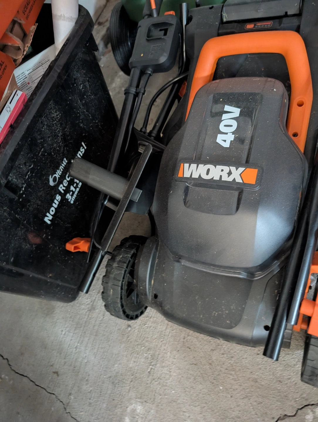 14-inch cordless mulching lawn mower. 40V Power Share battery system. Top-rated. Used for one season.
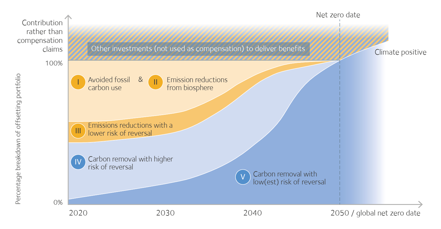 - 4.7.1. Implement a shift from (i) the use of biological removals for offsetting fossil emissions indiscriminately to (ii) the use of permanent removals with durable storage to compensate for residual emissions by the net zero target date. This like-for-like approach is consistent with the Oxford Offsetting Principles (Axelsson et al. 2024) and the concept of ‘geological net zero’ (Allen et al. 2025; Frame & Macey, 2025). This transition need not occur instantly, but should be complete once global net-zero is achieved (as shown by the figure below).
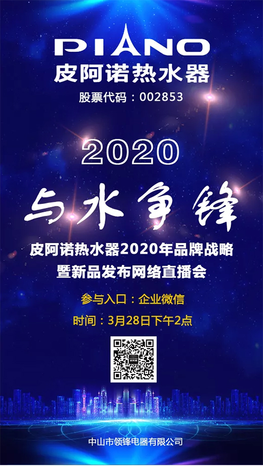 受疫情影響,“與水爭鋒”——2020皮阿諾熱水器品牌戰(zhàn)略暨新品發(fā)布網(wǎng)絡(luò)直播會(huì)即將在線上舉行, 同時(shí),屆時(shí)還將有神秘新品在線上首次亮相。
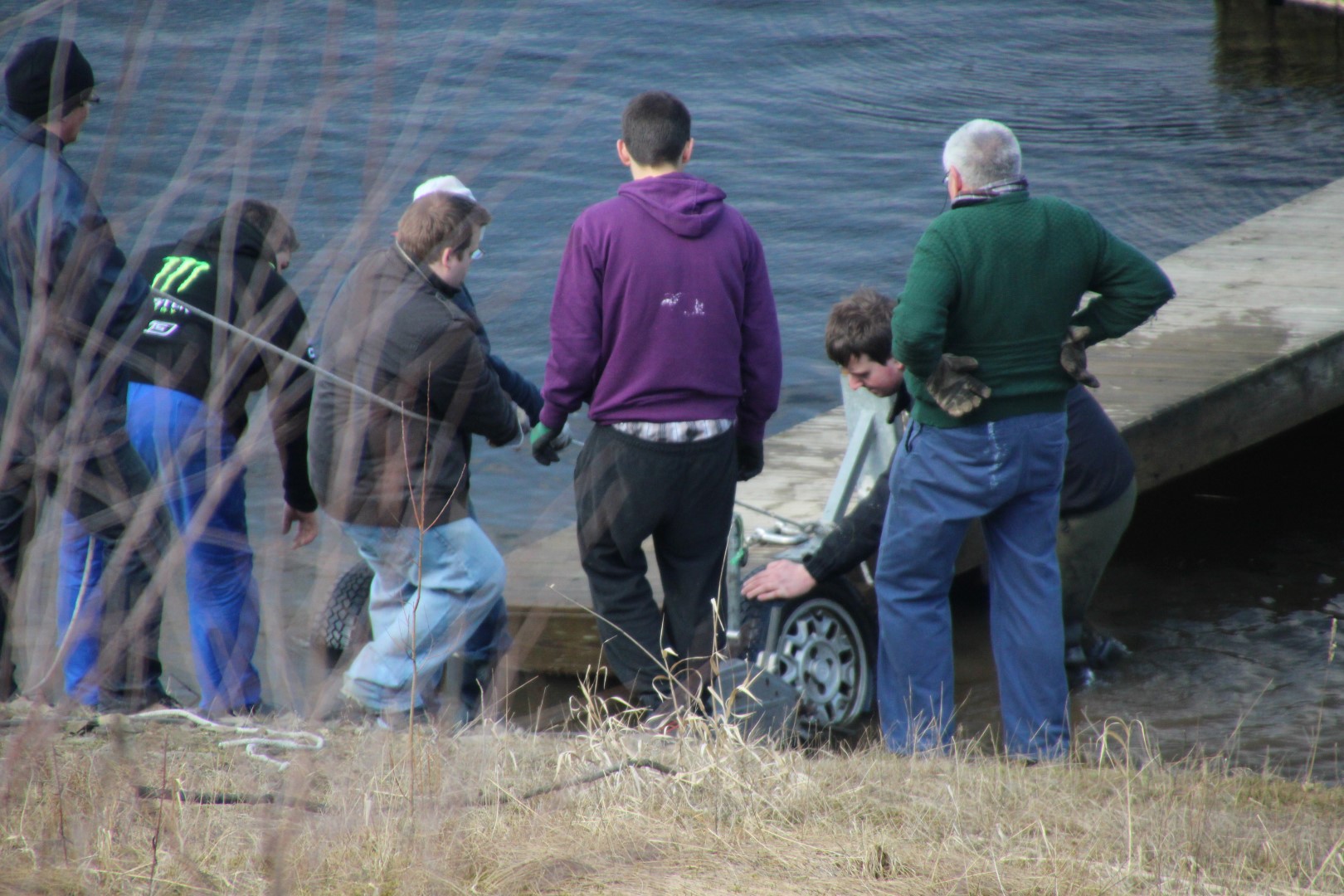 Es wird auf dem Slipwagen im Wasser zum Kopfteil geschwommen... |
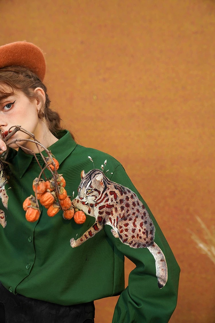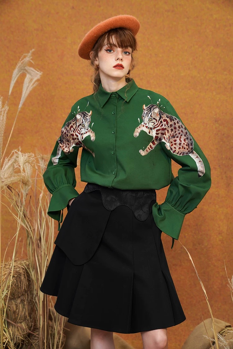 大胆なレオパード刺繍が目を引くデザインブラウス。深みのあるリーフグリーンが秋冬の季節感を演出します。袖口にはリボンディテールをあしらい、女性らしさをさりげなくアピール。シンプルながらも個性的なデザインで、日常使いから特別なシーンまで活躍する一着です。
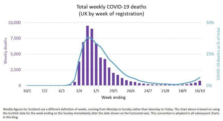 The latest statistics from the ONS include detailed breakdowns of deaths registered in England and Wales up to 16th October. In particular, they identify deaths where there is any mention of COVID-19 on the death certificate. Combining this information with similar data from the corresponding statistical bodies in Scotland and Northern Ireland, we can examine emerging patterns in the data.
* * *
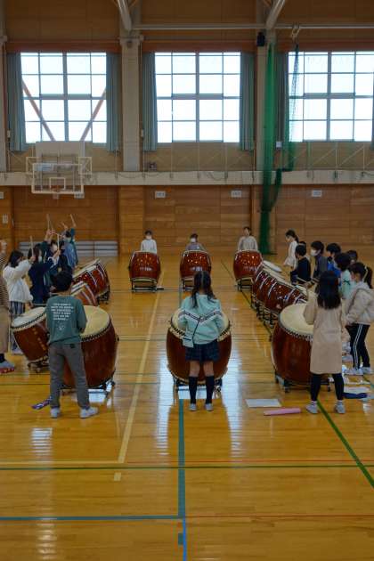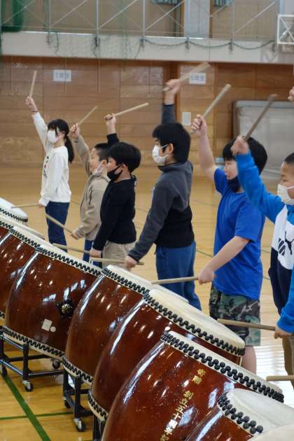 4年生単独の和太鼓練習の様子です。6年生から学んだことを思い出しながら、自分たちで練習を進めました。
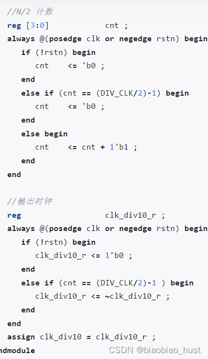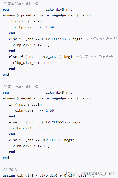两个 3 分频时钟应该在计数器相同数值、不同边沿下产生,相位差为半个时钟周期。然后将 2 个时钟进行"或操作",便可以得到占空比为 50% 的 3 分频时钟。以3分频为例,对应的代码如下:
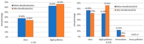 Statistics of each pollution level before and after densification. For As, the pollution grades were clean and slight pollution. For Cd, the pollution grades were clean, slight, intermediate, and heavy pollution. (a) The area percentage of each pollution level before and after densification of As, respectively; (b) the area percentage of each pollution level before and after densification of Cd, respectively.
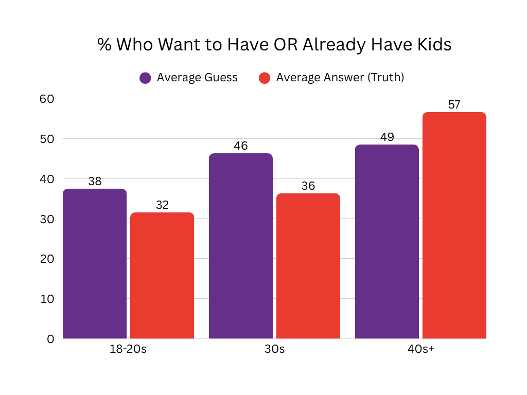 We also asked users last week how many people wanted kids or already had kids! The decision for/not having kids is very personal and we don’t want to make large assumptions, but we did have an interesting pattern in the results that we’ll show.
* * *
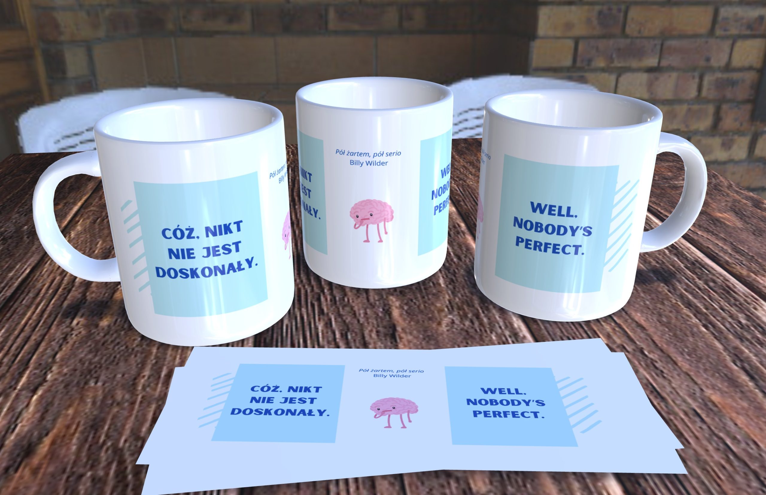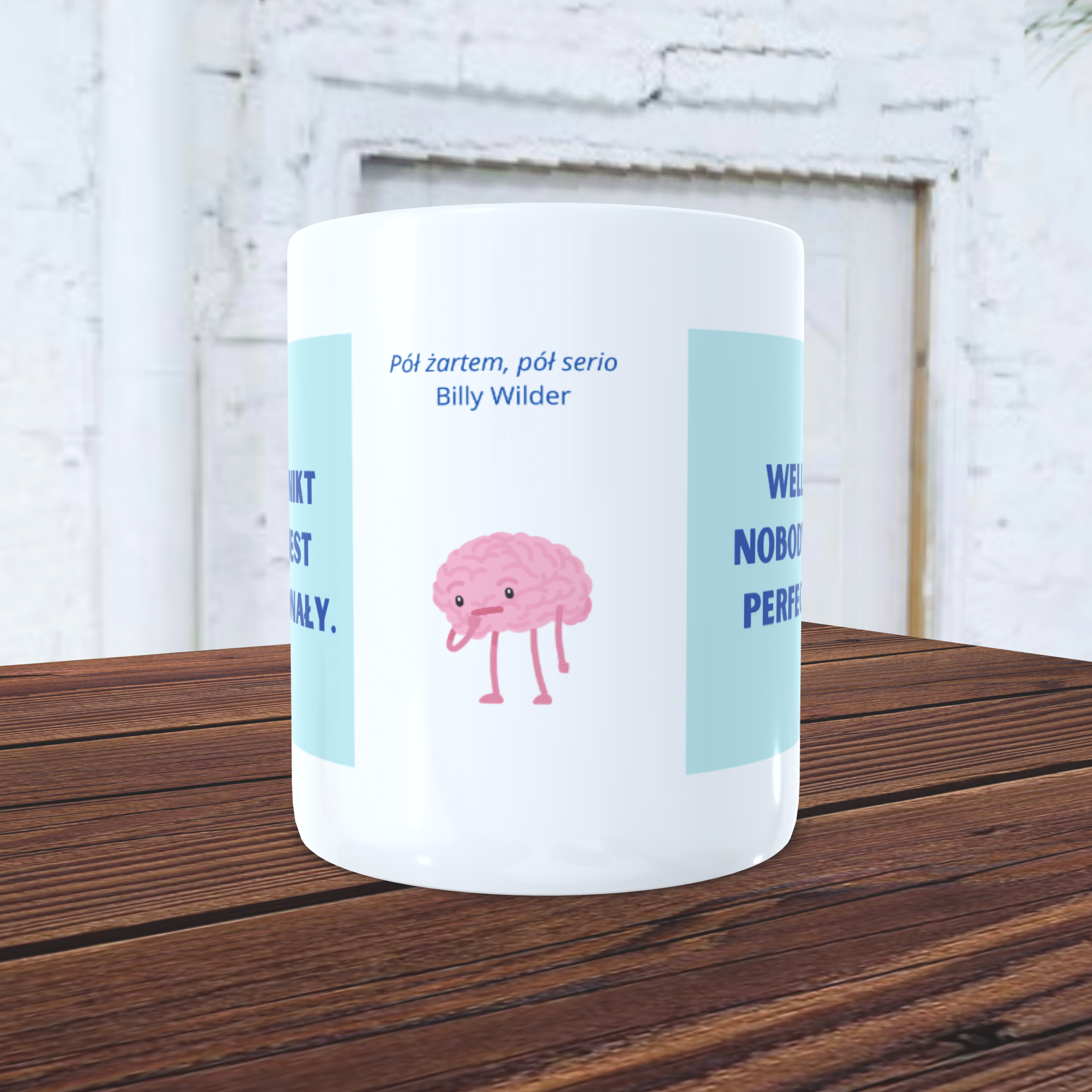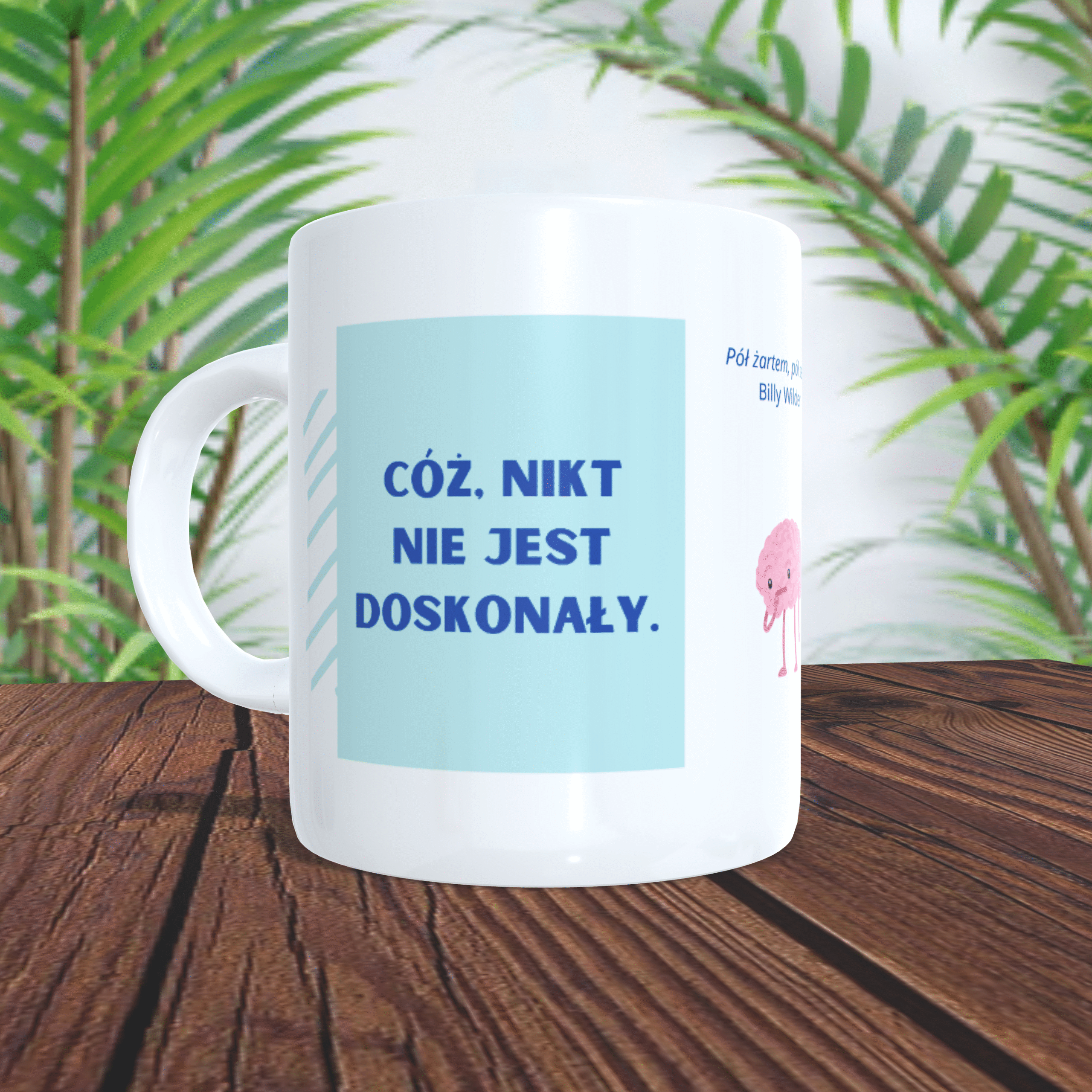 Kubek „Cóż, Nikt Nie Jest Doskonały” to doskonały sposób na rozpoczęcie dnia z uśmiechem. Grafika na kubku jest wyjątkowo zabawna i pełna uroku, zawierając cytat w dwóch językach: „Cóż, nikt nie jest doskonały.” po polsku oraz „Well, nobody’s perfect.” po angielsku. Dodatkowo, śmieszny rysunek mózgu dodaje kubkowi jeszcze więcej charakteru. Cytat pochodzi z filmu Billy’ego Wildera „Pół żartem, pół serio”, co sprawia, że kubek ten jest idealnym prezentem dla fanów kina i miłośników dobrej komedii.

TASK REQUIREMENTS = Copy word for word the lines of the records above from the one with "- 4.7.1. Implement" up to and including the one with "The latest statistics". Skip the pictures.

RESPONSE TO THE TASK =
 - 4.7.1. Implement a shift from (i) the use of biological removals for offsetting fossil emissions indiscriminately to (ii) the use of permanent removals with durable storage to compensate for residual emissions by the net zero target date. This like-for-like approach is consistent with the Oxford Offsetting Principles (Axelsson et al. 2024) and the concept of ‘geological net zero’ (Allen et al. 2025; Frame & Macey, 2025). This transition need not occur instantly, but should be complete once global net-zero is achieved (as shown by the figure below).
 受疫情影響,“與水爭鋒”——2020皮阿諾熱水器品牌戰(zhàn)略暨新品發(fā)布網(wǎng)絡(luò)直播會(huì)即將在線上舉行, 同時(shí),屆時(shí)還將有神秘新品在線上首次亮相。
 Es wird auf dem Slipwagen im Wasser zum Kopfteil geschwommen... |
 大胆なレオパード刺繍が目を引くデザインブラウス。深みのあるリーフグリーンが秋冬の季節感を演出します。袖口にはリボンディテールをあしらい、女性らしさをさりげなくアピール。シンプルながらも個性的なデザインで、日常使いから特別なシーンまで活躍する一着です。
 The latest statistics from the ONS include detailed breakdowns of deaths registered in England and Wales up to 16th October. In particular, they identify deaths where there is any mention of COVID-19 on the death certificate. Combining this information with similar data from the corresponding statistical bodies in Scotland and Northern Ireland, we can examine emerging patterns in the data.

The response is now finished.